─── Exercise inputs ───

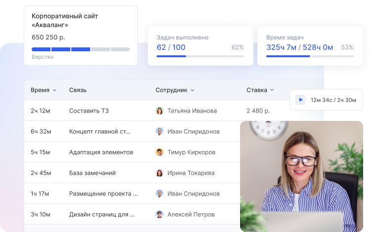 С Аспро.Cloud каждая минута на счету. Сотрудники фиксируют затраченное время прямо внутри карточки задач CRM, а вы — контролируете загрузку и понимаете, на что уходит рабочий день. Это помогает вовремя заметить переработки и скорректировать процессы. А чтобы управлять бюджетом, установите ставку для каждого специалиста. Система автоматически рассчитает стоимость заданий по планируемому или фактическому времени.
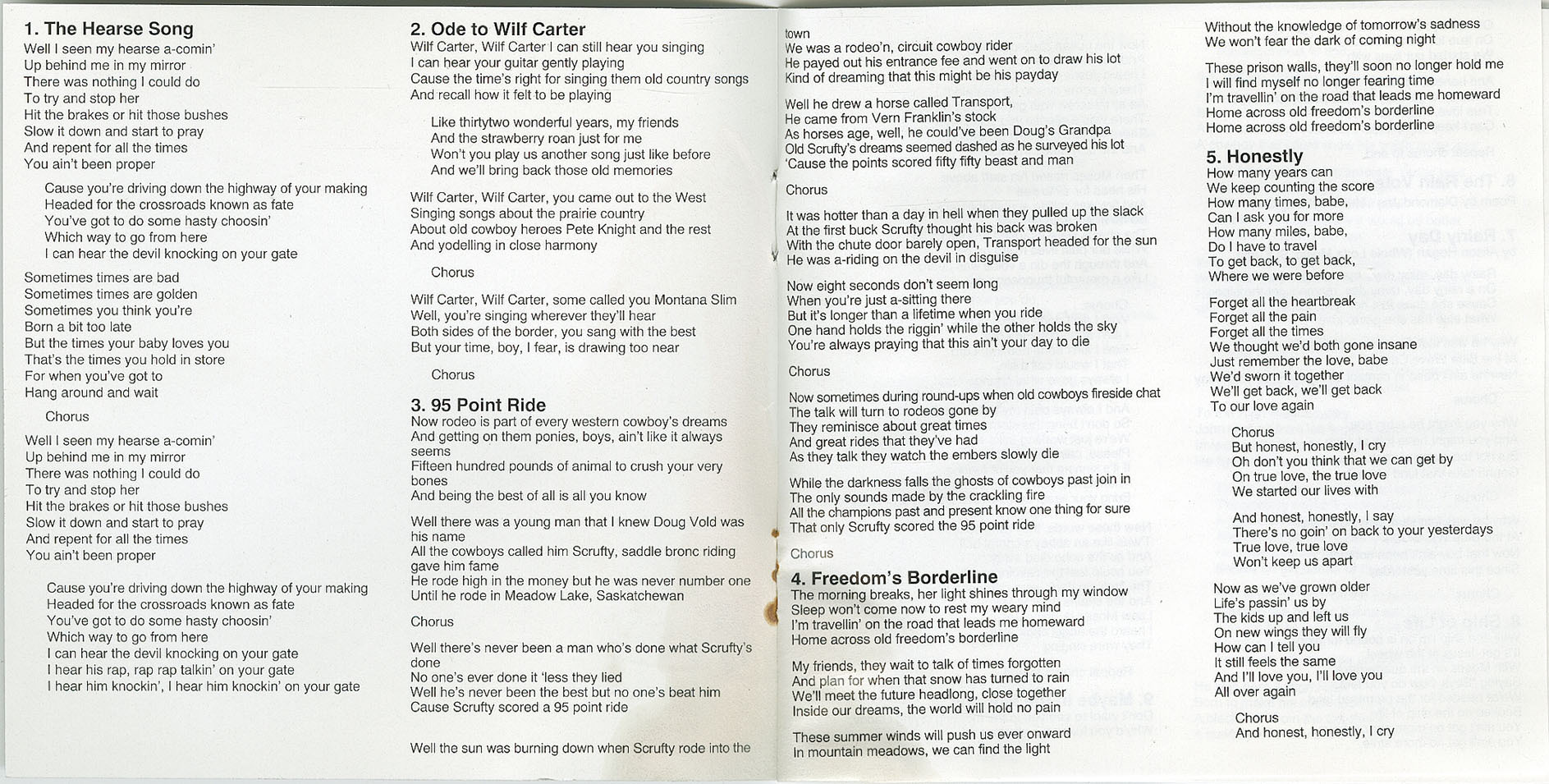 We are presenting this collection of tunes: some old, some new, on the c.d. format because the old albums are probably all scratched up. The project was recorded at Melodeon Studios here in Chemainus February 14–17, 1997. We set up in the round and recorded live with very little overdubbing, hence, the title Honestly. This is the way my music was written and the way I’ve always wanted it produced.
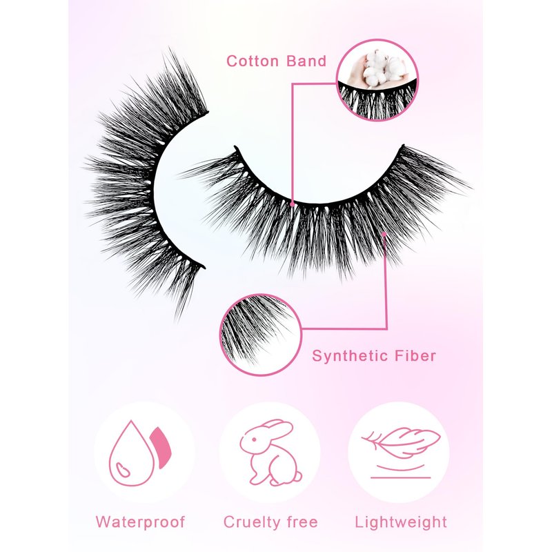 - 100% Vegan and Cruelty Free:With attention to detail, each pair of lashes is made from synthetic mink-like material and carefully crafted to provide a high quality product while avoiding harm to small animals.
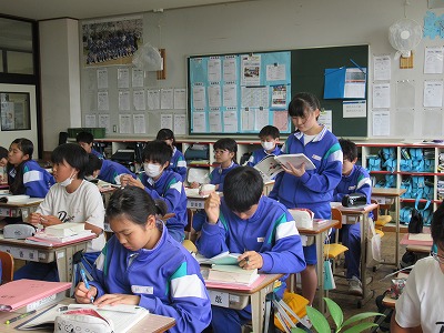2年3組 国語の授業です。安岡章太郎の「サーカスの馬」を読んでいます。今日は、登場人物「僕(安岡)」の思い違いを、全体を通して対比しながら読み取り、まとめていきました。今日の振り返りを紹介します。ますます読み深めたい気持ちが伝わってきます。
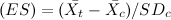 where ES is the Effective Size - means the benchmark how well prevention helped, X_t the "posttest mean of the treatment condition", X_c the "posttest mean of control condition" and SD_c the posttest standard deviation of the control condition. Their benchmark ist defined after Smith, Mary Lee, Gene V. Glass, and Thomas I. Miller. The benefits of psychotherapy. Baltimore: Johns Hopkins University Press, 1980:
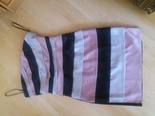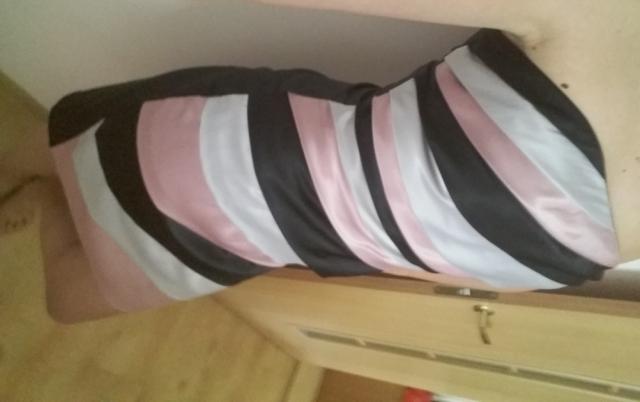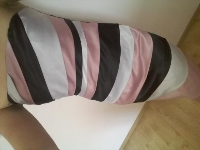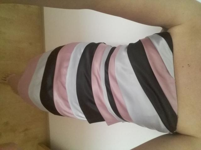 labai žavi progine suknele, prieky spalvota, o nugaroje juoda. be sleikuciu. Sluoksniai priekyje paslepia trukumus :)
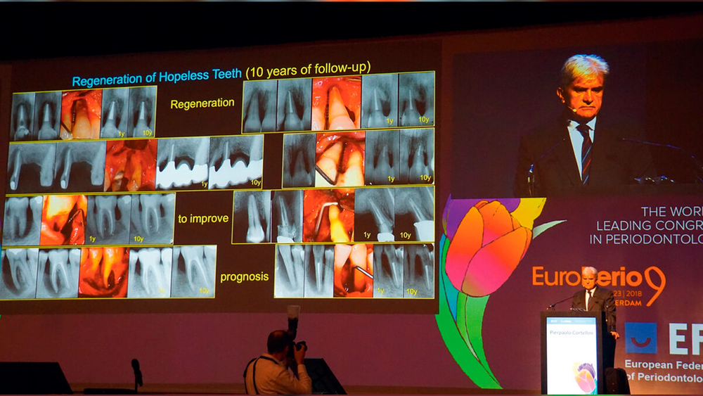 Das Team um Sandro Cortellini (Florenz) und Maurizio Tonetti (Hongkong) hat bei 50 Patienten mit Parodontitis im Stadium III oder im Stadium IV jeweils bei einem parodontal stark geschädigten Zahn mit parodontalem Attachmentverlust bis zum Apex oder sogar darüber hinaus nach deren Randomisierung eine der beiden beschriebenen Therapieoptionen angewendet. Es wurde darauf geachtet, dass an den unmittelbar benachbarten Zähnen ein hohes Knochenniveau vorhanden war. In der einen Gruppe wurde nach vorhergehender anti-infektiöser Therapie der regenerative chirurgische Eingriff mit Papillenerhaltungstechnik und Applikation von Biomaterial (Schmelzmatrixproteine, (nicht-)resorbierbare Membranen, Knochenersatzmaterialien) vorgenommen. Zuvor waren gelockerte Zähne geschient und – wenn erforderlich – endodontische Behandlungen durchführt worden. In der anderen Gruppe wurde nach Zahnextraktion und Weich- und Hartgewebsaugmentation ein Implantat inseriert und mit einer Krone versorgt oder alternativ eine zahngetragene Brücke eingesetzt. Anschließend fanden alle drei Monate eine unterstützende Parodontaltherapie und jährliche Nachuntersuchungen statt. Die statistische Auswertung beinhaltete Analysen des Überlebens der Zähne beziehungsweise des Zahnersatzes, des Auftretens von biologischen und technischen Komplikationen, der Kosten sowie der Patientenzufriedenheit.
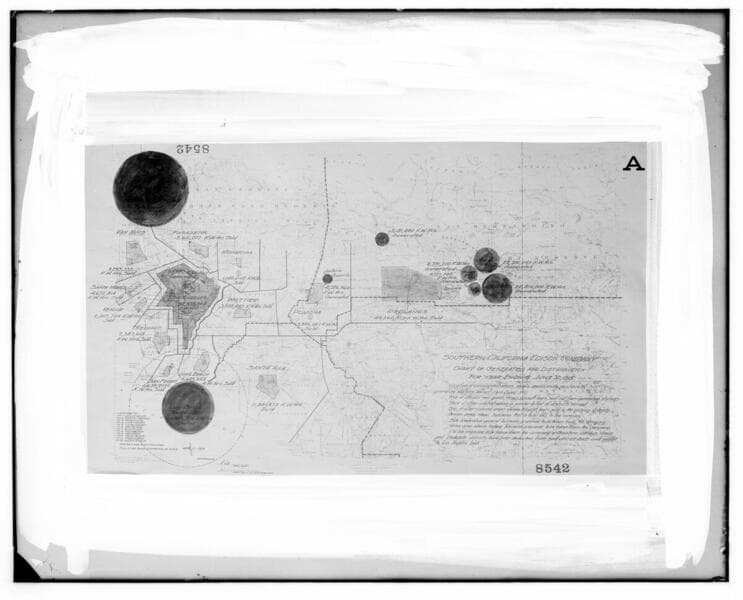 C1.3 - Maps - Chart A Hoxie Series - used at hearing before State RR Commision. - map showing Southern California Edison's Electric Generation and Distribution for year ending June 15, 1915
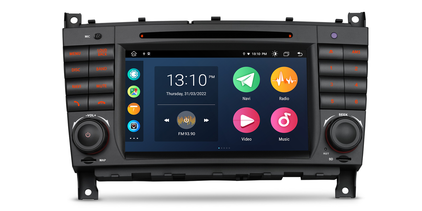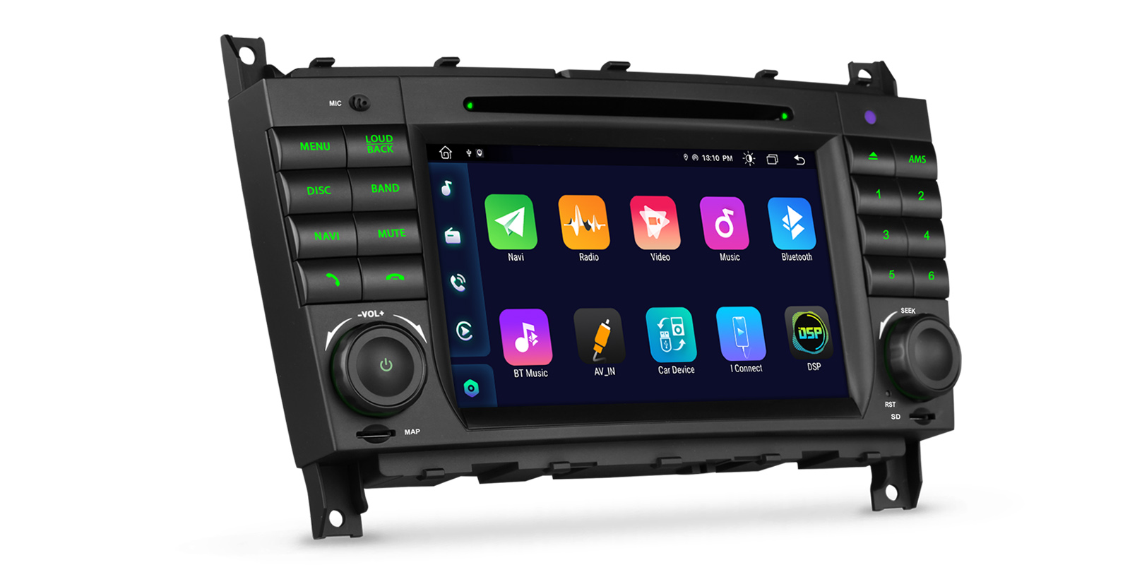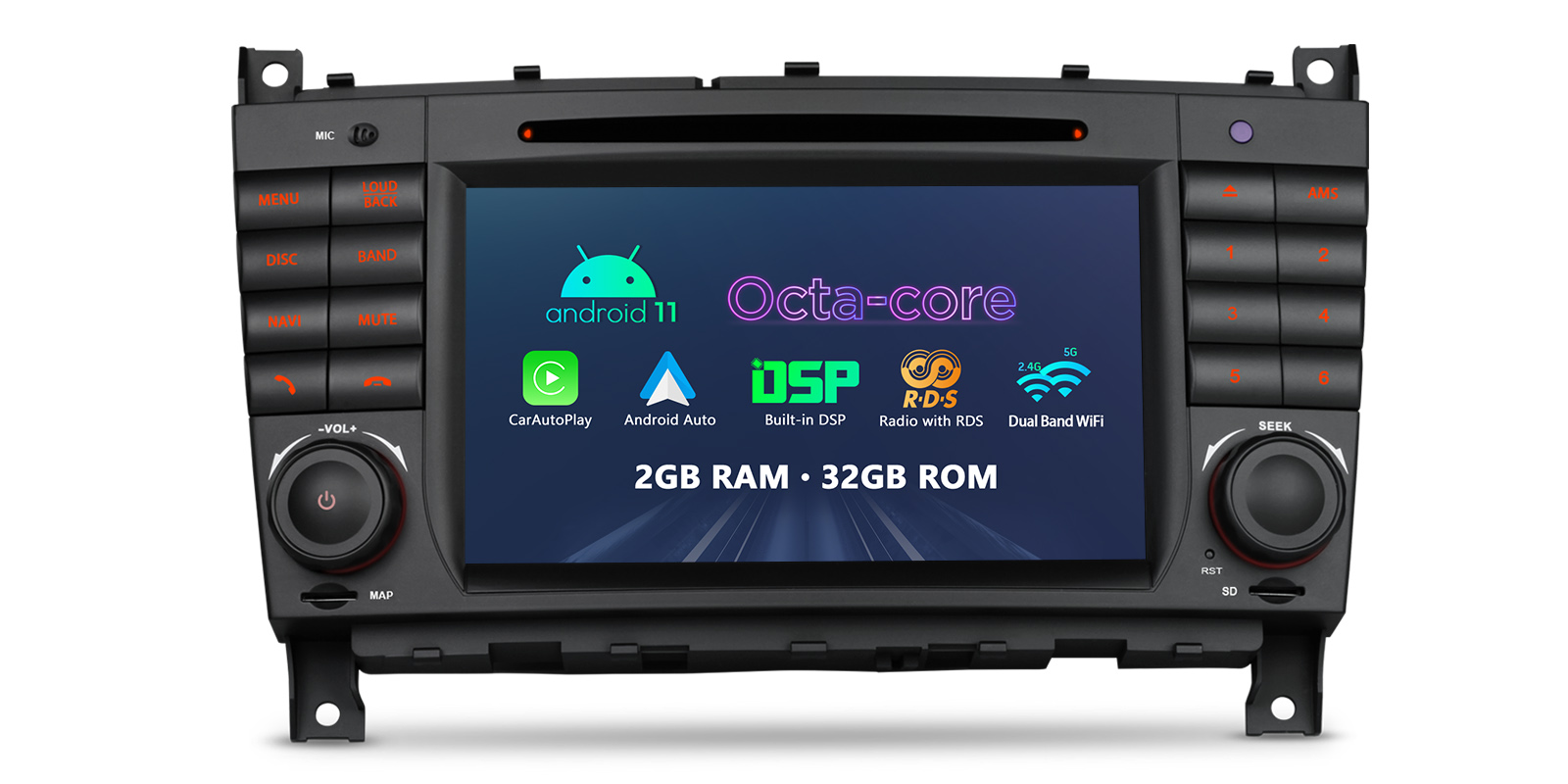 Android 12 Octa Core 2GB DDR4 RAM + 32GB ROM 7” Car DVD Multimedia Player GPS Navigation System with Dual UI Automotive-grade Hardware Built-in CarAutoPlay & Android Auto & DSP Radio with RDS Coaxial Audio Output Custom Fit for Mercedes-Benz C-Class, CLK Class, G-Class
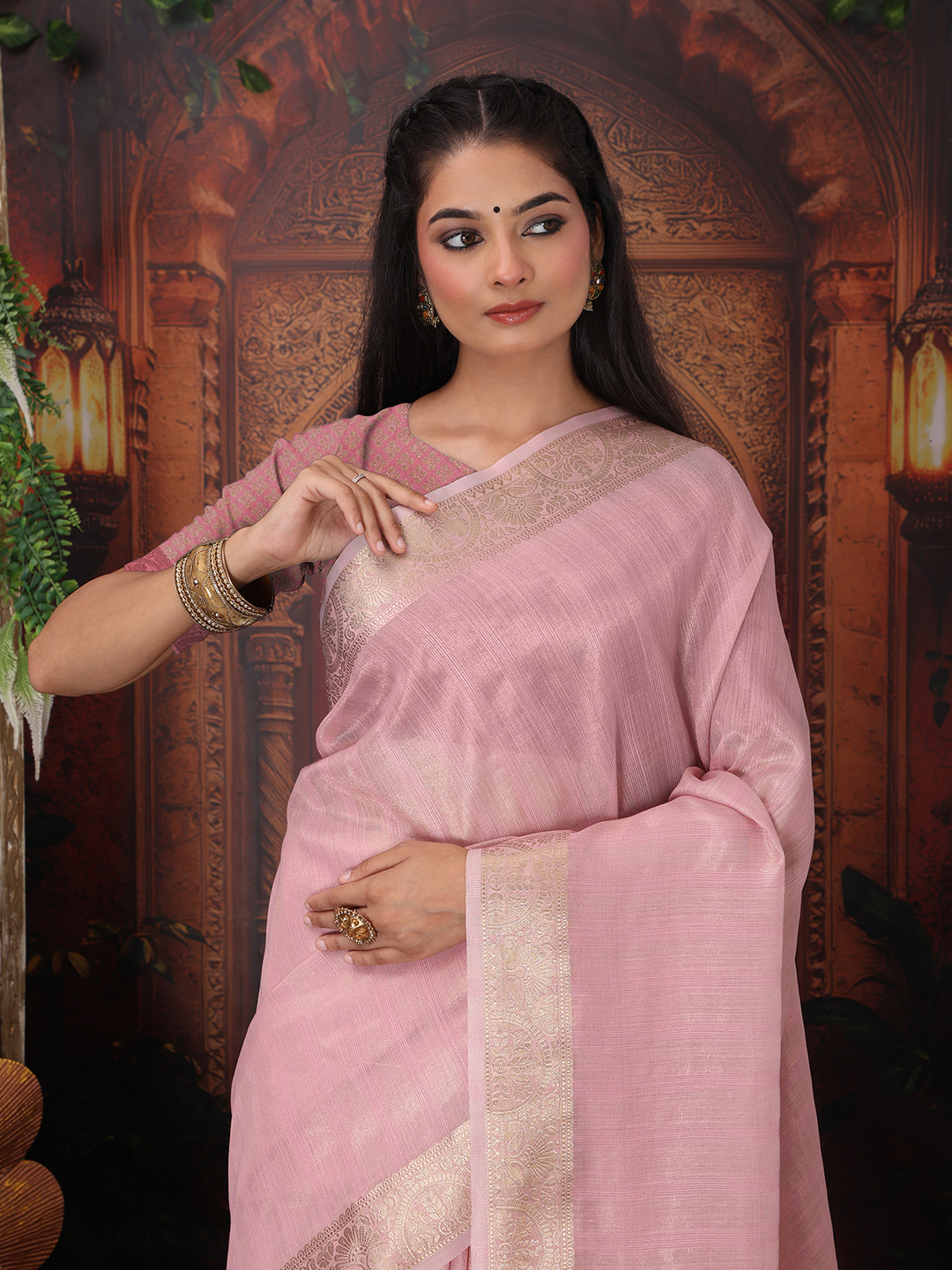 Light Pink Color Organza Fabric Woven Designer Trendy Ethnic Saree

───

Give the entries above again, exactly as written and free of images.

_Output of the task:_
 С Аспро.Cloud каждая минута на счету. Сотрудники фиксируют затраченное время прямо внутри карточки задач CRM, а вы — контролируете загрузку и понимаете, на что уходит рабочий день. Это помогает вовремя заметить переработки и скорректировать процессы. А чтобы управлять бюджетом, установите ставку для каждого специалиста. Система автоматически рассчитает стоимость заданий по планируемому или фактическому времени.
 We are presenting this collection of tunes: some old, some new, on the c.d. format because the old albums are probably all scratched up. The project was recorded at Melodeon Studios here in Chemainus February 14–17, 1997. We set up in the round and recorded live with very little overdubbing, hence, the title Honestly. This is the way my music was written and the way I’ve always wanted it produced.
 - 100% Vegan and Cruelty Free:With attention to detail, each pair of lashes is made from synthetic mink-like material and carefully crafted to provide a high quality product while avoiding harm to small animals.
2年3組 国語の授業です。安岡章太郎の「サーカスの馬」を読んでいます。今日は、登場人物「僕(安岡)」の思い違いを、全体を通して対比しながら読み取り、まとめていきました。今日の振り返りを紹介します。ますます読み深めたい気持ちが伝わってきます。
 where ES is the Effective Size - means the benchmark how well prevention helped, X_t the "posttest mean of the treatment condition", X_c the "posttest mean of control condition" and SD_c the posttest standard deviation of the control condition. Their benchmark ist defined after Smith, Mary Lee, Gene V. Glass, and Thomas I. Miller. The benefits of psychotherapy. Baltimore: Johns Hopkins University Press, 1980:
 labai žavi progine suknele, prieky spalvota, o nugaroje juoda. be sleikuciu. Sluoksniai priekyje paslepia trukumus :)
 Das Team um Sandro Cortellini (Florenz) und Maurizio Tonetti (Hongkong) hat bei 50 Patienten mit Parodontitis im Stadium III oder im Stadium IV jeweils bei einem parodontal stark geschädigten Zahn mit parodontalem Attachmentverlust bis zum Apex oder sogar darüber hinaus nach deren Randomisierung eine der beiden beschriebenen Therapieoptionen angewendet. Es wurde darauf geachtet, dass an den unmittelbar benachbarten Zähnen ein hohes Knochenniveau vorhanden war. In der einen Gruppe wurde nach vorhergehender anti-infektiöser Therapie der regenerative chirurgische Eingriff mit Papillenerhaltungstechnik und Applikation von Biomaterial (Schmelzmatrixproteine, (nicht-)resorbierbare Membranen, Knochenersatzmaterialien) vorgenommen. Zuvor waren gelockerte Zähne geschient und – wenn erforderlich – endodontische Behandlungen durchführt worden. In der anderen Gruppe wurde nach Zahnextraktion und Weich- und Hartgewebsaugmentation ein Implantat inseriert und mit einer Krone versorgt oder alternativ eine zahngetragene Brücke eingesetzt. Anschließend fanden alle drei Monate eine unterstützende Parodontaltherapie und jährliche Nachuntersuchungen statt. Die statistische Auswertung beinhaltete Analysen des Überlebens der Zähne beziehungsweise des Zahnersatzes, des Auftretens von biologischen und technischen Komplikationen, der Kosten sowie der Patientenzufriedenheit.
 C1.3 - Maps - Chart A Hoxie Series - used at hearing before State RR Commision. - map showing Southern California Edison's Electric Generation and Distribution for year ending June 15, 1915
 Android 12 Octa Core 2GB DDR4 RAM + 32GB ROM 7” Car DVD Multimedia Player GPS Navigation System with Dual UI Automotive-grade Hardware Built-in CarAutoPlay & Android Auto & DSP Radio with RDS Coaxial Audio Output Custom Fit for Mercedes-Benz C-Class, CLK Class, G-Class
 Light Pink Color Organza Fabric Woven Designer Trendy Ethnic Saree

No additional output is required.